The first line of Pope Francis’ homily at the closing Mass of World Youth Day is the one that has stuck with me the most. He said that we were all in Krakow to encounter Jesus. Now, people come to World Youth Day for all different reasons. Some want to see the Pope. Some want to meet new people from all over the world. Some are drawn to the location of a particular World Youth Day – like those to came to Poland in order to walk in the footsteps of people like St. John Paul II, St. Faustina Kowalska, and St. Maximilian Kolbe. Some thrive on adventure and challenge – both of which abound when you gather over a million and a half people in one place. Some want to grow in their faith. Some want to know that they’re not alone as young Catholics. Some want to take a journey with their friends. Some don’t even know why they’re there. But all of us – whatever our initial reasons or motivations – in one way or another journeyed to Krakow to encounter Jesus Christ. That is why we were there. And for myself and the pilgrims I have journeyed with, that encounter with Jesus Christ became real and alive.

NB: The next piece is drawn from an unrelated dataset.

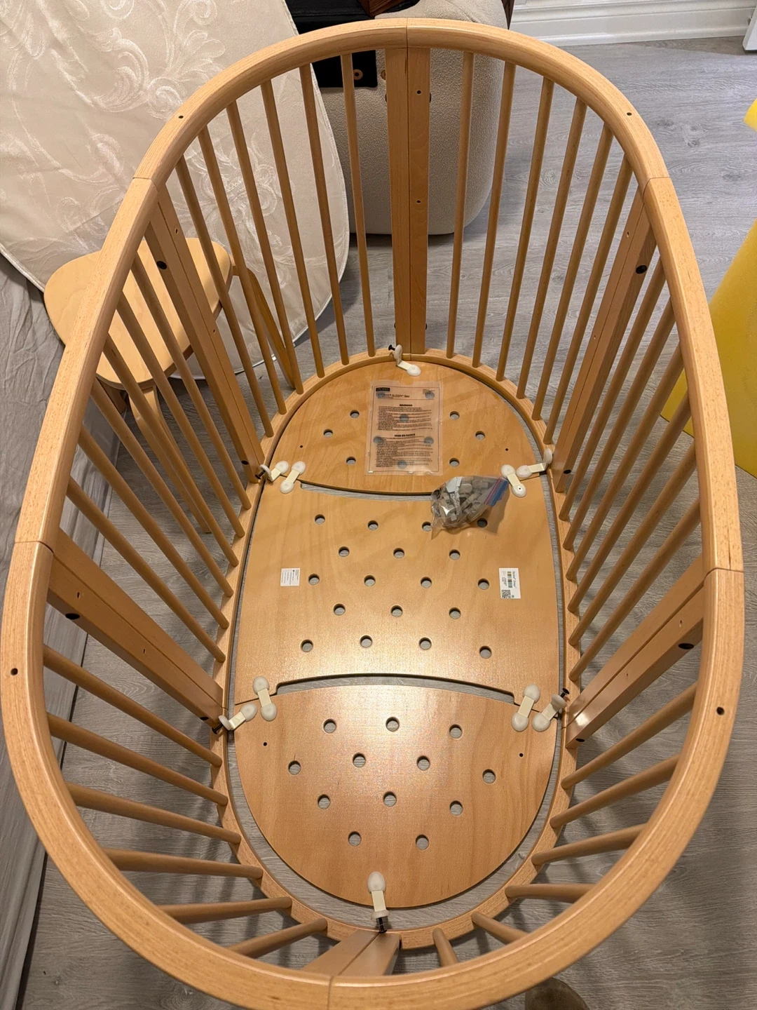 This Stokke Sleepi Bed is a versatile crib that's designed to grow with your child. It's made from beechwood and features a breathable mattress base. The oval shape fits well in most rooms. Come with Mattresses.

The pilgrim walk to the closing Vigil and Mass at World Youth Day 2016.

To be honest, there were parts of the journey that were rough, especially over the weekend. About an 8-mile walk each way to Campus Misericordiae, where the closing Vigil and Mass were held, in strong sun with not enough water. The dehydration that comes from a long walk in the hot sun with not enough water. A chaotic food distribution system, in which some of our pilgrims waited in line for 2 1/2 hours just for the trucks to run out of food bags right before they made it to the front of the line. The inevitable tightness and closeness of a crowd estimated at 1.6 million. A downpour on our walk back to the hotel on Sunday. An almost-lost passport. A cancelled flight. 

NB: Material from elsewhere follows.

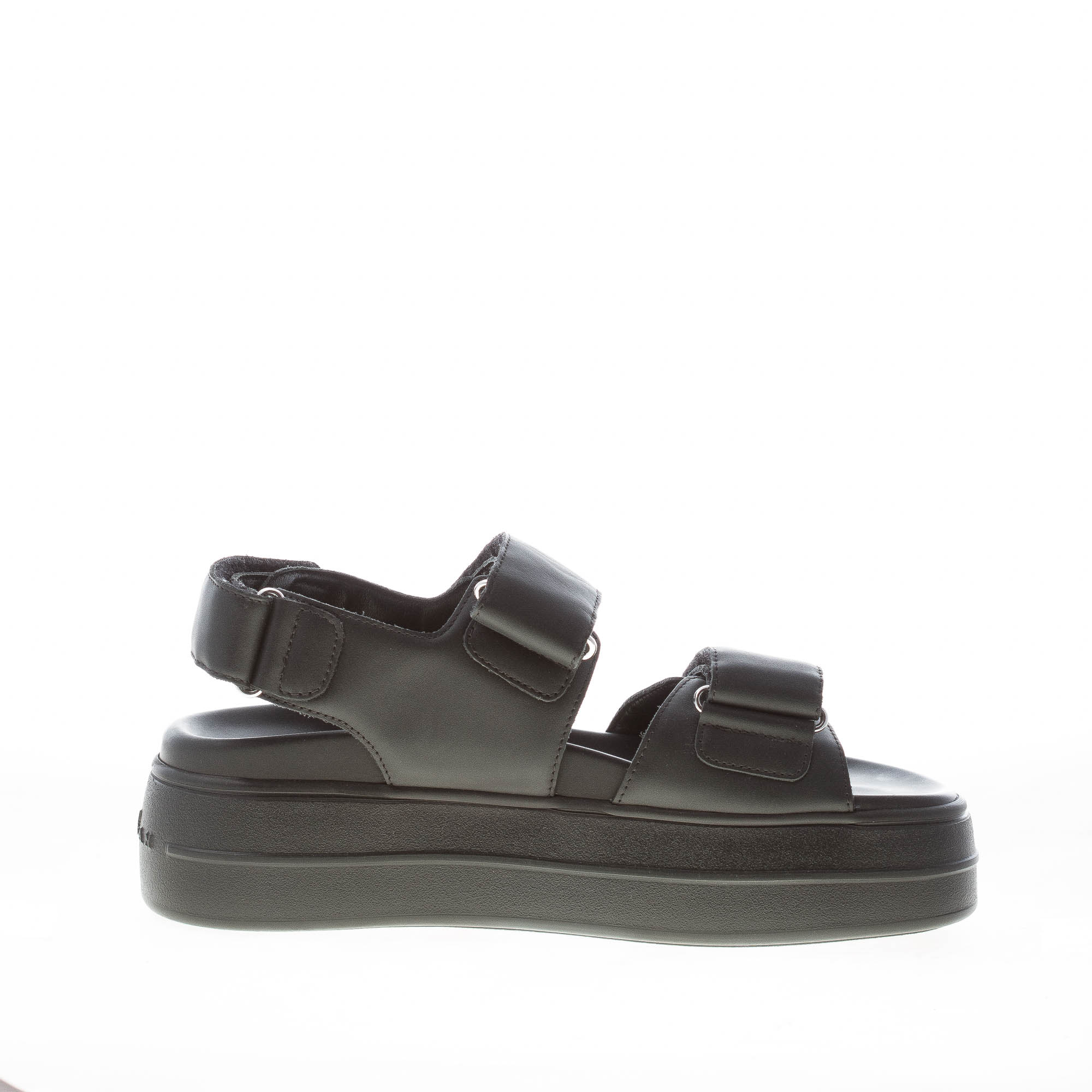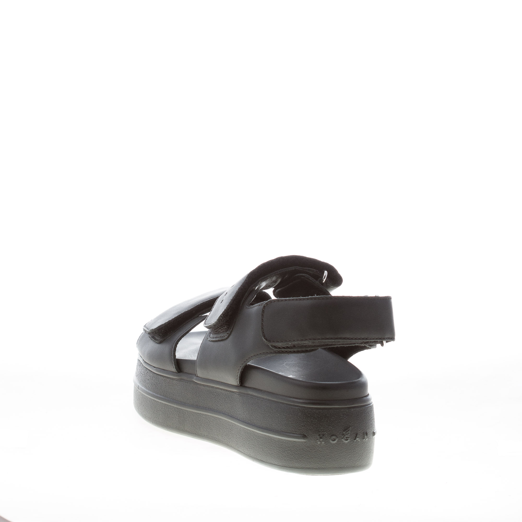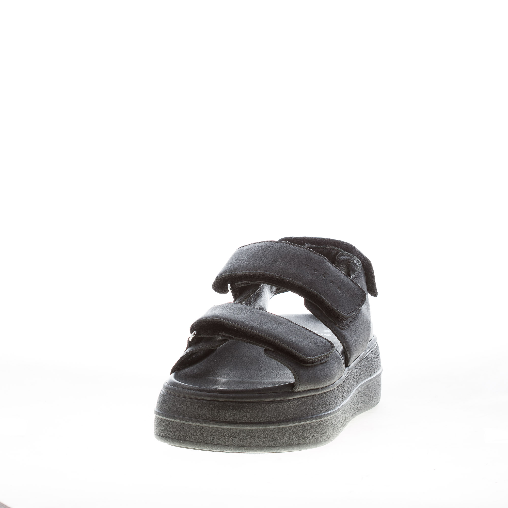 Sandale H680 aus weichem schwarzem Leder mit doppeltem Klettverschluss-Riemen über dem Spann. Fersenriemen mit Klettverschluss. Plateau-Gummisohle mit einer Absatzhöhe von 4,5 cm.

But it was in the midst of these challenges that we encountered Jesus Christ. I’ll always remember sitting with four of my brother priests from the Archdiocese of Indianapolis, plus a Dominican serving in the Archdiocese and a priest from the Diocese of Evansville, for the closing Mass, as Pope Francis drove right by our section on his way to Mass, but with our attention focused ever on Jesus Christ. I’ll remember the extraordinary care and compassion that our Polish tour managers – Gosia and Marek – had for us throughout the week, and how excited our entire pilgrim group was when we found Marek in the middle of the entire crowd leaving the closing Mass. I’ll remember the sight of countless candles being held by pilgrims during Eucharistic Adoration as the sun set on Campus Misericordiae. I’ll remember the bishop who spent the night sleeping on the field with his diocesan pilgrims rather than stay at the bishops’ hotel. I’ll remember our Archdiocesan Mass before we set out on our walking pilgrimage on Saturday, celebrated in the crypt of the Ark Church, built under the leadership of St. John Paul II as a visible testament to the power of faith during the long, hard years of communism. I’ll remember the joy and hope of a young adult couple in our group who got engaged to be married outside that same church earlier in the week, and the joy of our pilgrim community as we see in them the gift they are to each other and the gift they will be to the world. I’ll remember the good spirits and attitude of trust in 33 of our pilgrims – including me – who are spending an extra night in Prague because of a flight cancellation; and the extraordinary perseverance and patience of our Czech Airlines ticket agent who diligently spent three hours getting all of us rebooked on flights for the following day. I’ll remember the deep, strong prayer of young adults who are longing to be a beacon of hope in a broken world. I’ll remember that in Krakow, I encountered Jesus Christ – not necessarily in a different way than at home or in my regular ministry, but in a way that will leave a mark on those who made the sacrifices of a pilgrim journey to the City of Saints in Poland. For that encounter, I am grateful beyond measure.